Task to carry out:
Would you return exactly the lines below from the line with "Outdoor Portable Foldable" through the line with "NGC MS62 Australia", both included, and nothing else, leaving out the pictures?

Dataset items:
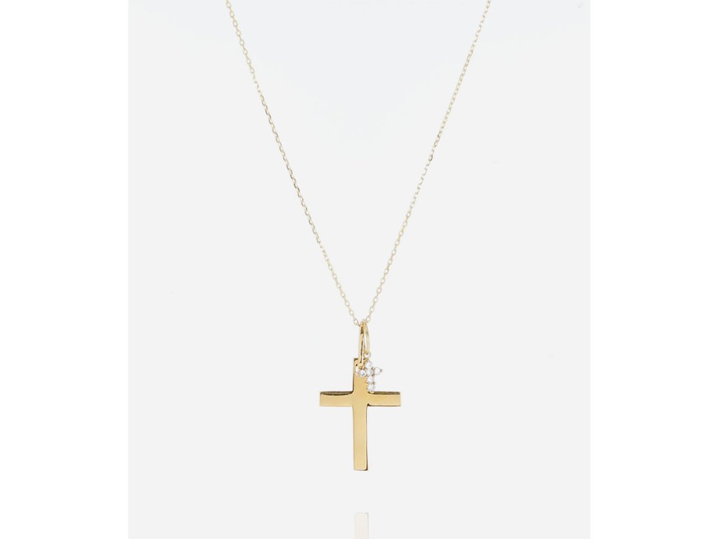 Oceľový náhrdelník s jednoduchým pozláteným povrchom, osadený oceľovým krížom a menším krížom osadeným zirkónmi.
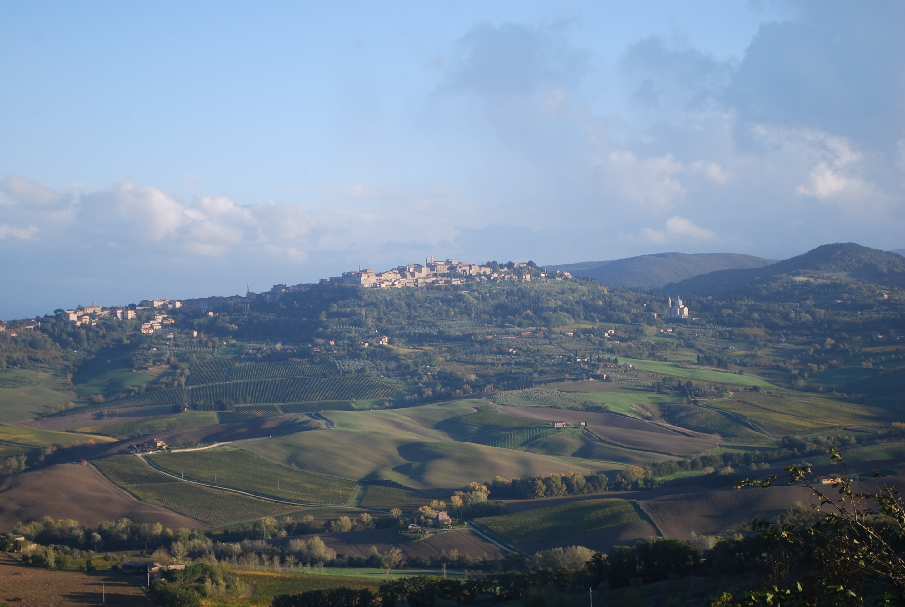 We hated to give up our great parking spot (and what an excellent job of parallel parking Natasha if I say so myself), but it was on to another of Insight Guides‘ top 10 hilltowns, Montepulciano. We can actually see Montepulciano from the end of our street in Montefollonico. When I was at the vantage point near Chiesa del Triano, I spotted and photographed this marvelous city without knowing what it was. It is only 5 km away but reached by winding roads that are longer.
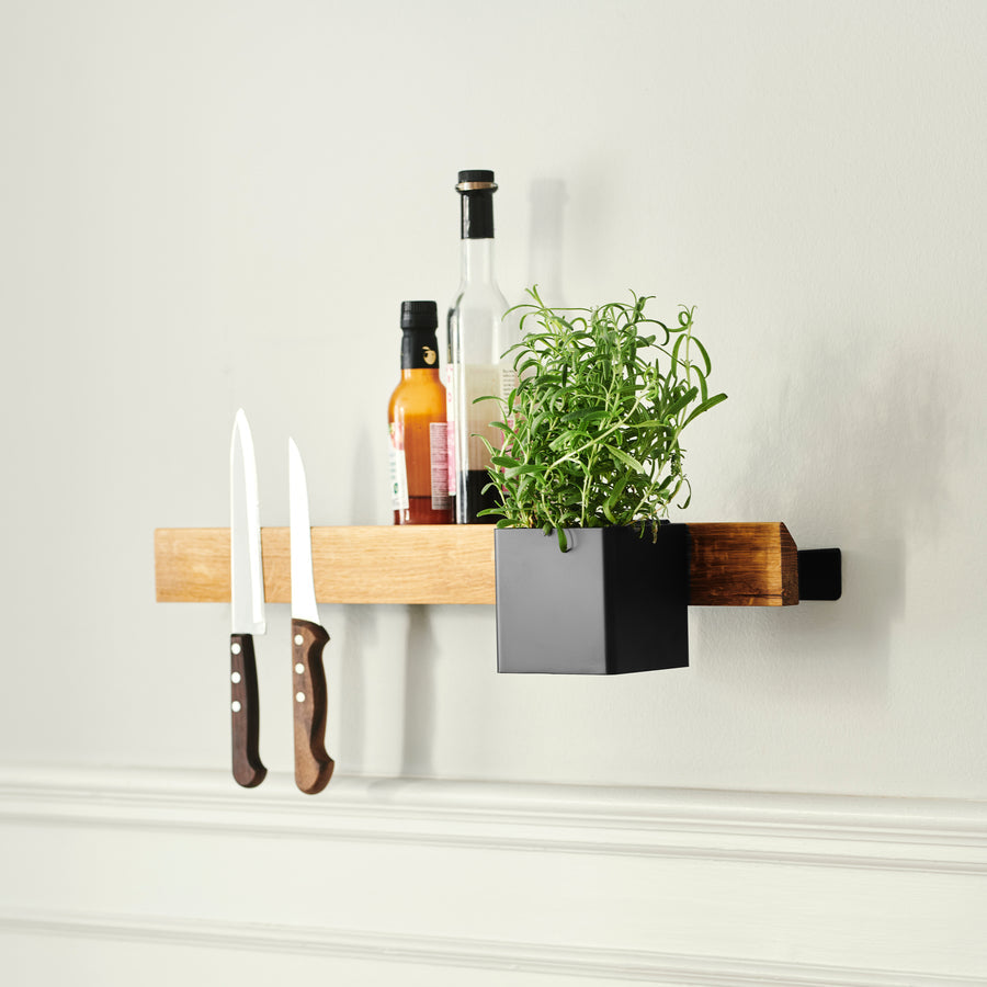 Brug den multifunktionelle hylde i køkkenet til krydderierne, som gallerihylde til dine flotte kogebøger, eller som knivholder. Kombiner fx hylderne med Flex boks til krydderurterne og Flex kaffefilterholder. Tilkøb Flex spejl og Flex knager, og brug Flex i entreen, hvor der fremover altid er styr på nøglerne, da de kan hænge direkte på hylden på grund af den kraftige magnet.
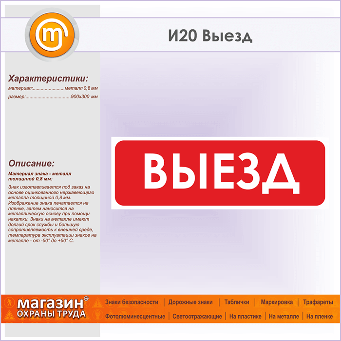 Знак «Выезд», И20 (металл, 900х300 мм) в Бердске купить
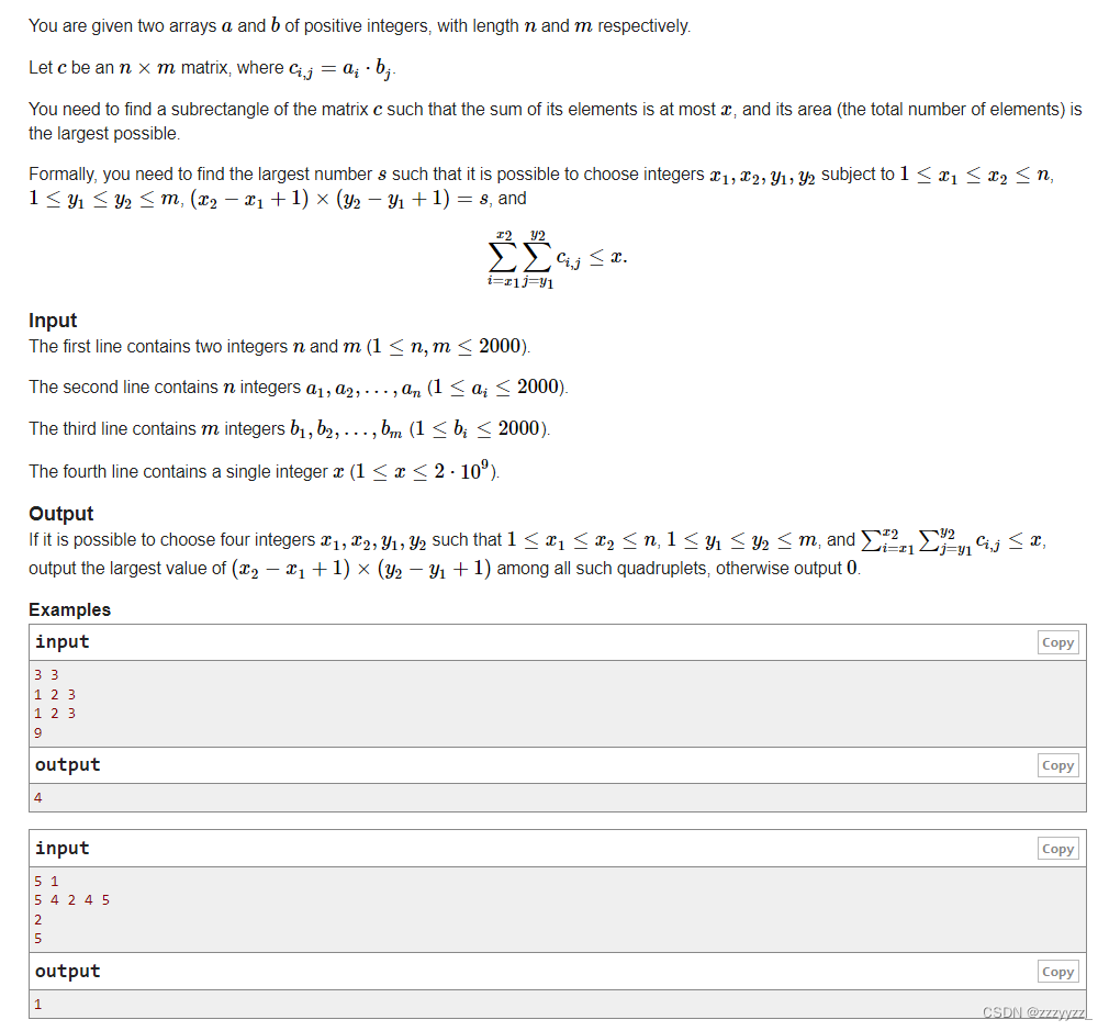 思路:因为题目中说明了ai*bj=cij,我们能够想到c中任意一个矩形都等于a中连续的一段跟b中连续一段的乘积,所以并且矩阵的行数为连续a的长度,列数为连续b的长度,所以我们可以考虑枚举矩阵的边长,这样我们只需要找到在a中长度是i的和最小的序列,跟在b中长度是j的和最小的序列,那么矩阵的和为这两个数的乘积,而且我们能够前缀和,以及预处理,处理出a与b中任意长度的连续的最小的和,然后再暴力枚举所有的边长即可,时间复杂度是O(n^2)
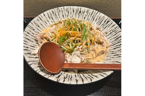 - 蕎麦屋の拘りの出汁に豚しゃぶと香味野菜を添え、特製のゴマダレが相性抜群。
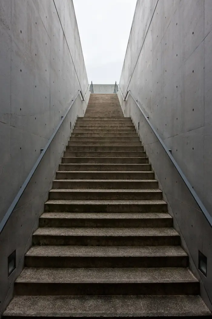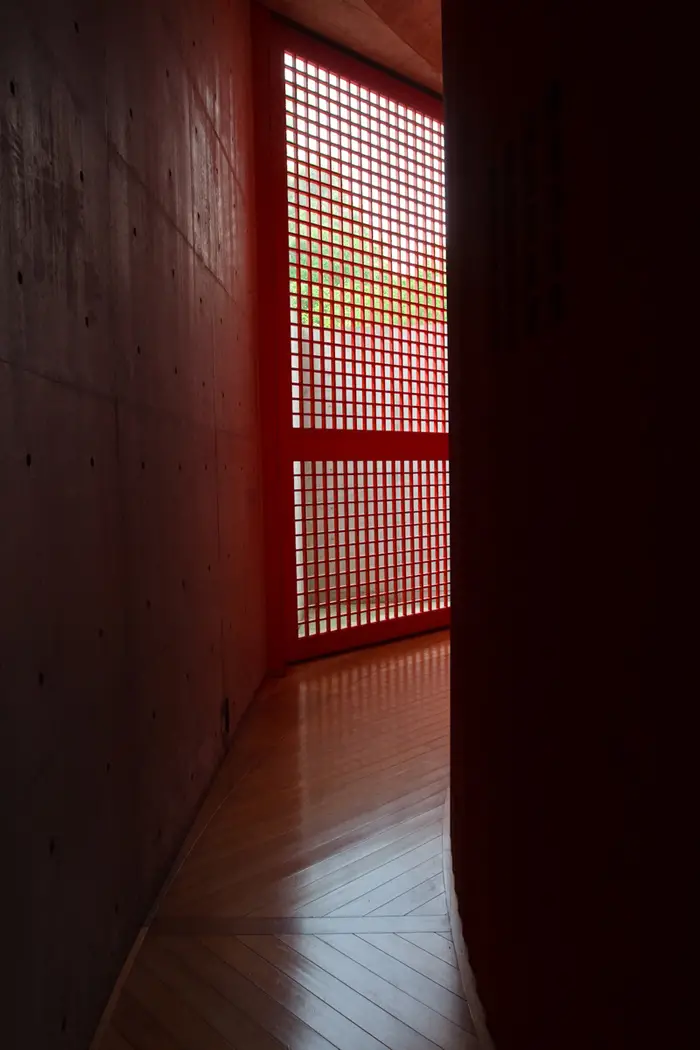 Todas las formas que definen el espacio se construyen en un hormigón visto perfectamente trabajado y moldeado, cuya austeridad formal se ve compensada con el tratamiento de la luz y el juego de perspectivas parciales que van anunciando el recorrido sin mostrarlo abiertamente, un camino que insinúa más que muestra.
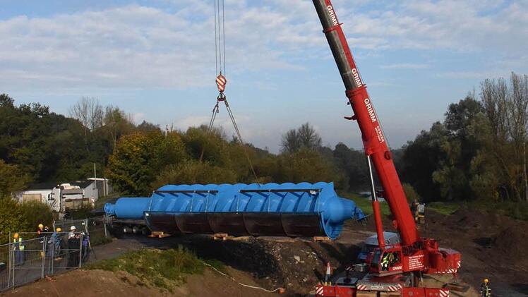 Um kurz nach 9 Uhr startete die Aktion. Die Arbeiter vor Ort machten einen tollen Job und keine zwei Stunden später war alles - wie geplant - an Ort und Stelle. Doch warum wird eine Wasserkraftschnecke zur Stromerzeugung verwendet? Kiver erklärt: "Damit können die zusätzlichen Wassermengen sinnvoll zur Stromproduktion genutzt werden.
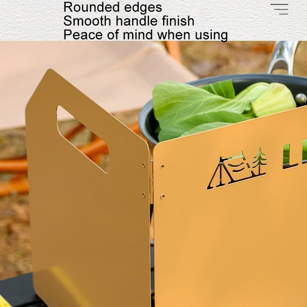 Outdoor Portable Foldable Picnic Stove Thickened Windproof Windshield Camping Cassette Stove Head Covering Plate(Khaki)
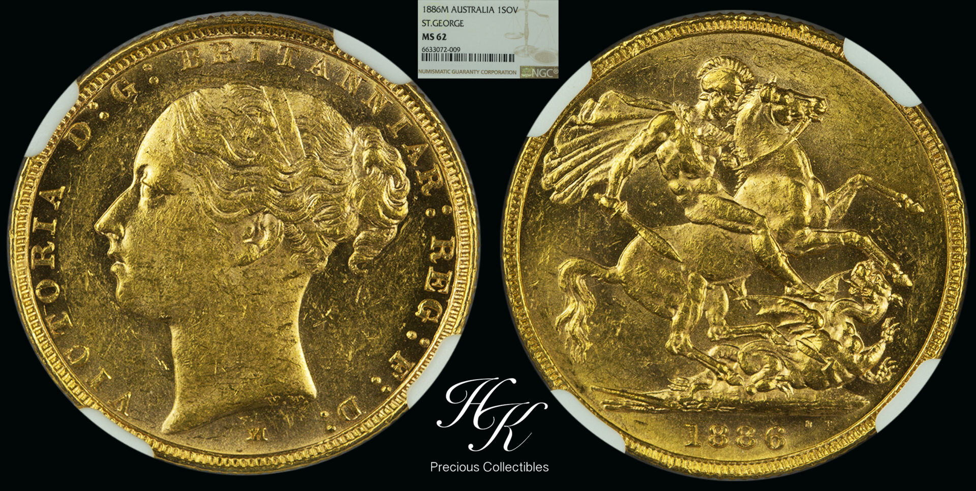 Gold sovereign “Victoria – young head ” 1886 Melbourne NGC MS62 Australia
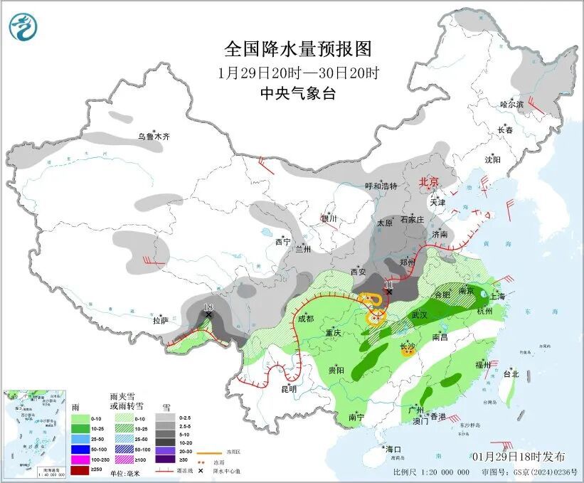 1、1月29日20时至30日20时,新疆伊犁河谷和沿天山一带地区、青海北部和东南部、西藏东部、黑龙江北部和东部、陕西大部、华北大部、江汉北部、江淮、江南西北部等地的部分地区有小雪或雨夹雪,其中西藏东部、陕西南部、河南西南部等地局地有大到暴雪。湖北西部、湖南中部局地有冻雨。西南地区东部、江南中北部、华南南部等地的部分地区有小到中雨。
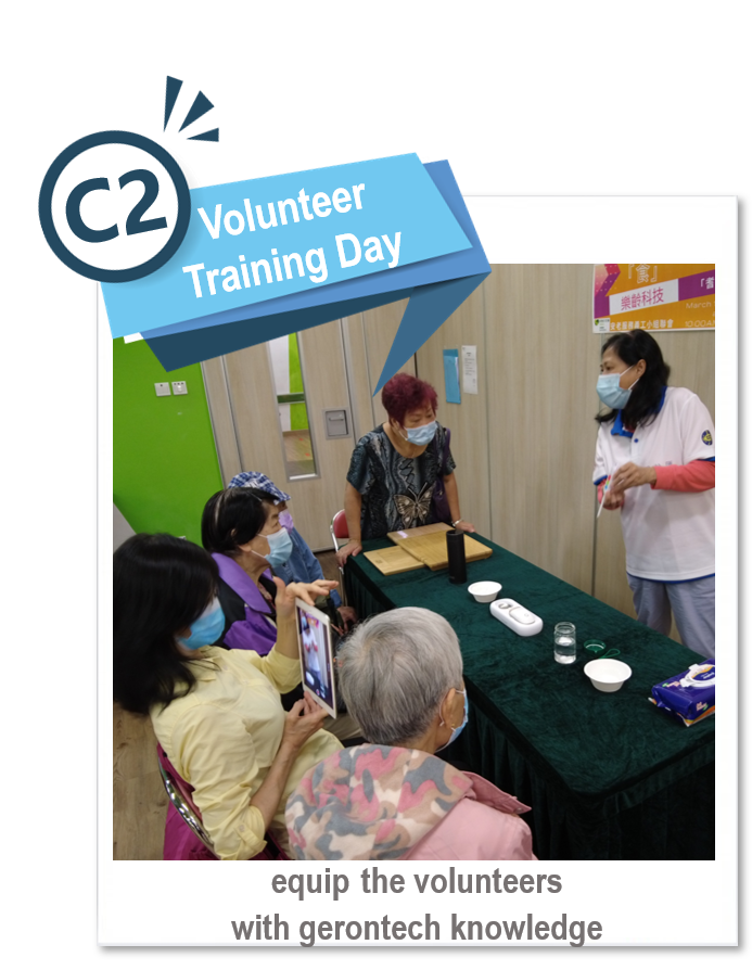 The following outreach activities are available: C1. Gerontech community group - attract public interest in gerontechnology C2. Volunteer training day - equip the volunteers with gerontech knowledge C3. Thematic exhibition - free loan gerontech items to raise public awareness about the gerontechnology C4. Online activities - online guided tour, webinar, product sharing session |
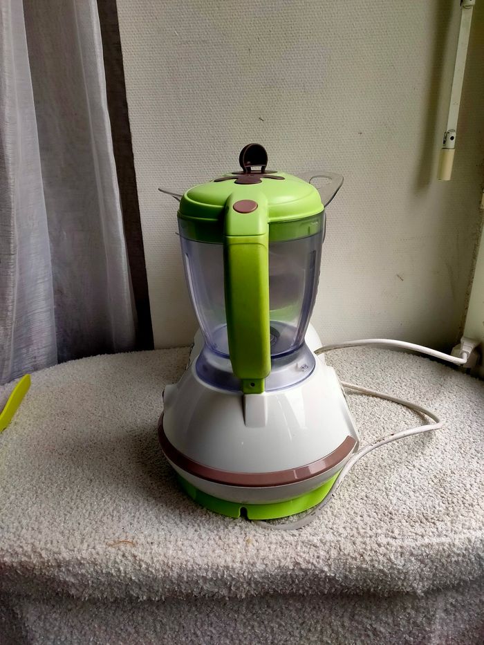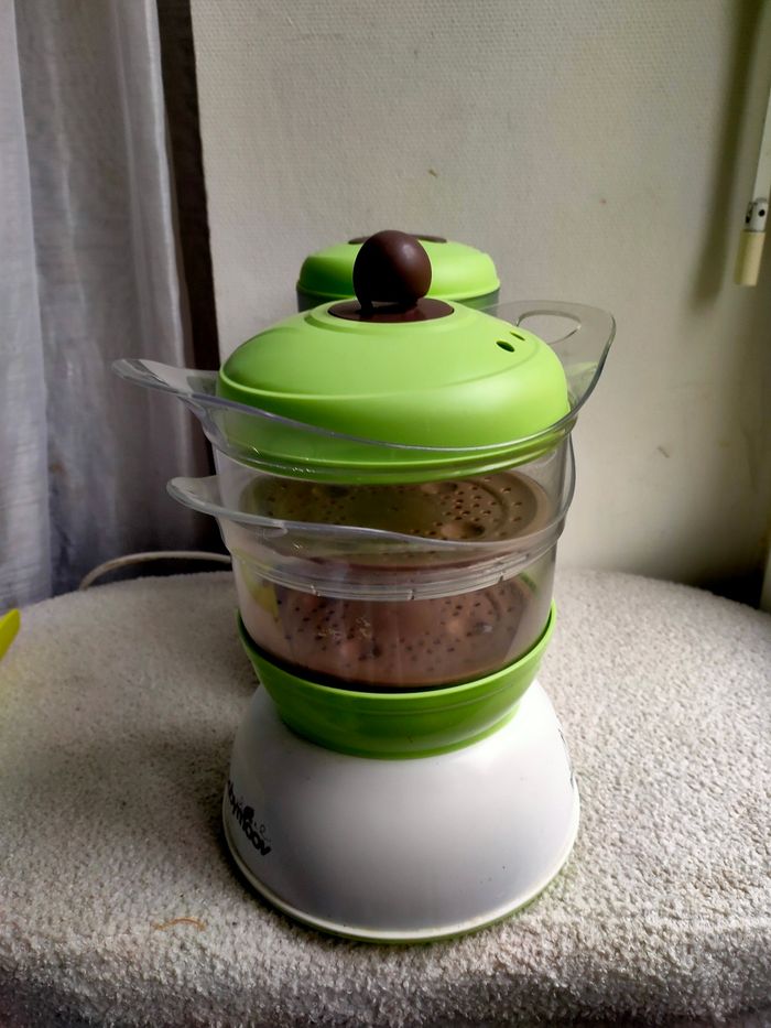 robot préparateur culinaire multifonctions, pour cuisiner de vrais plats pour bébé : compotes, purées. Il cumule 5 fonctions :  chauffe et stérilise jusqu'à 3 biberons, réchauffe les petits pots, cuit à la vapeur, décongèle et mixe les aliments. Il a été utilisé pour 1 bébé pour préparer des purée et compote en début de diversification alimentaire (quand je préparerai en petite quantité), il a quelques traces (rayures sur les plastiques transparent), hormis ce défaut il est en très bon état, un détartrage a été fait pour la vente, il est propre et attends sagement de reprendre du service. Il fonctionne parfaitement, sera vendu sans la notice car elle a été égaré, elle est facilement retrouva le sur le net.
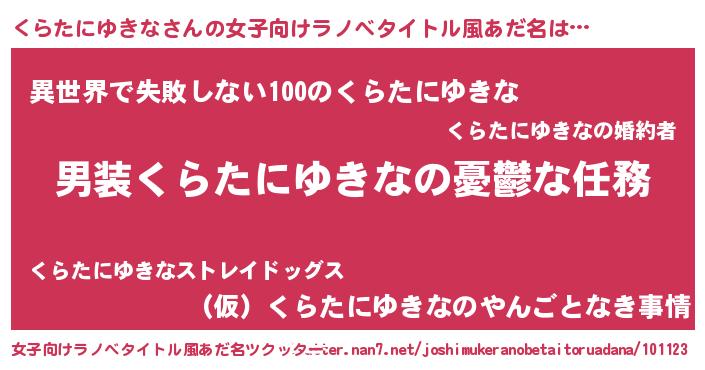 | 男性向けラノベタイトル風あだ名 | 『うちのくらたにゆきなが世界を掌握している!』 |
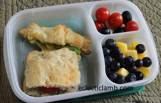 - Egg salad (my Mom made) with lettuce on Trader Joes freezer mini croissants that I baked before the party
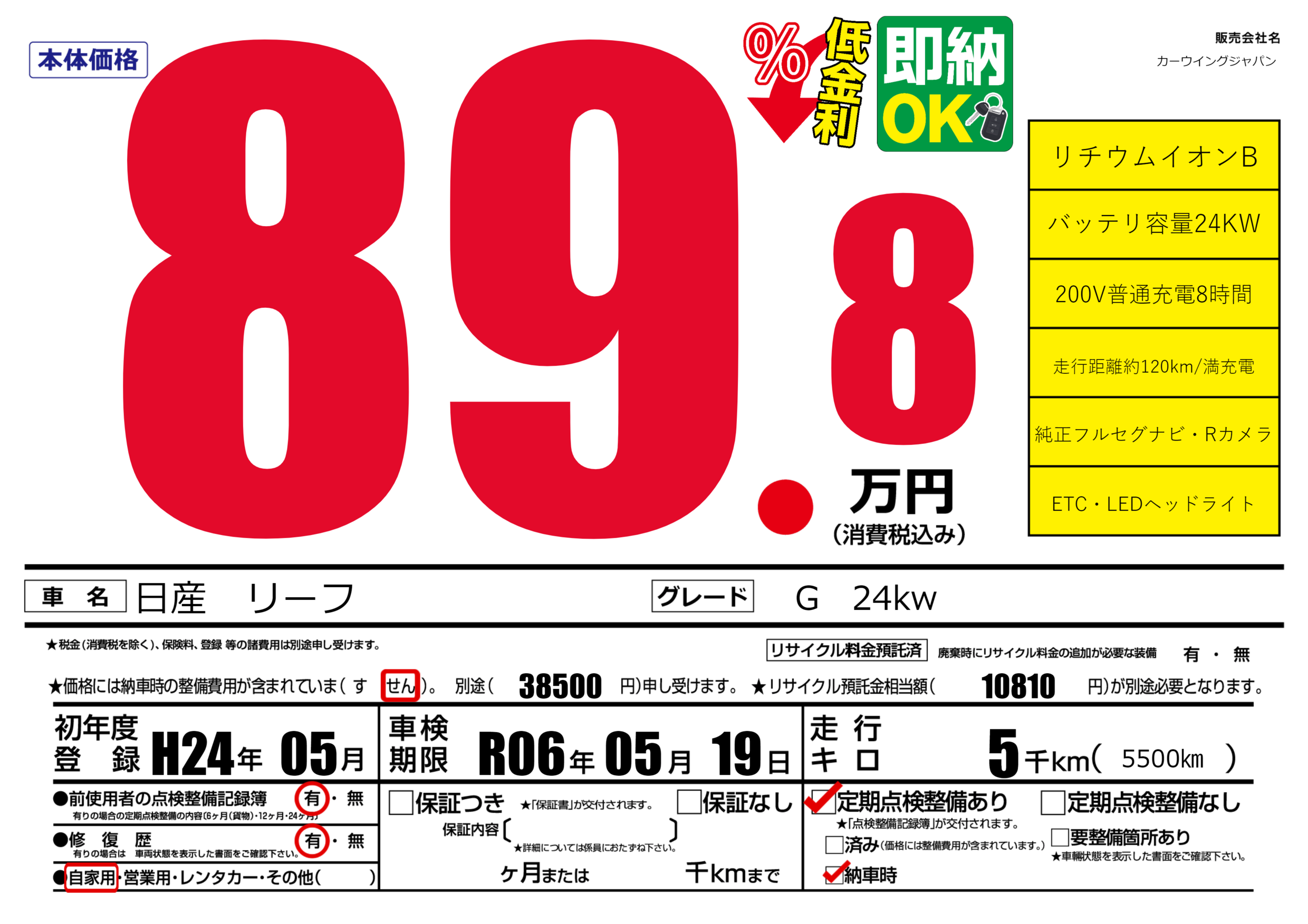 車検制限 | R06年05月19月 |

Response to the task:
 Outdoor Portable Foldable Picnic Stove Thickened Windproof Windshield Camping Cassette Stove Head Covering Plate(Khaki)
 Gold sovereign “Victoria – young head ” 1886 Melbourne NGC MS62 Australia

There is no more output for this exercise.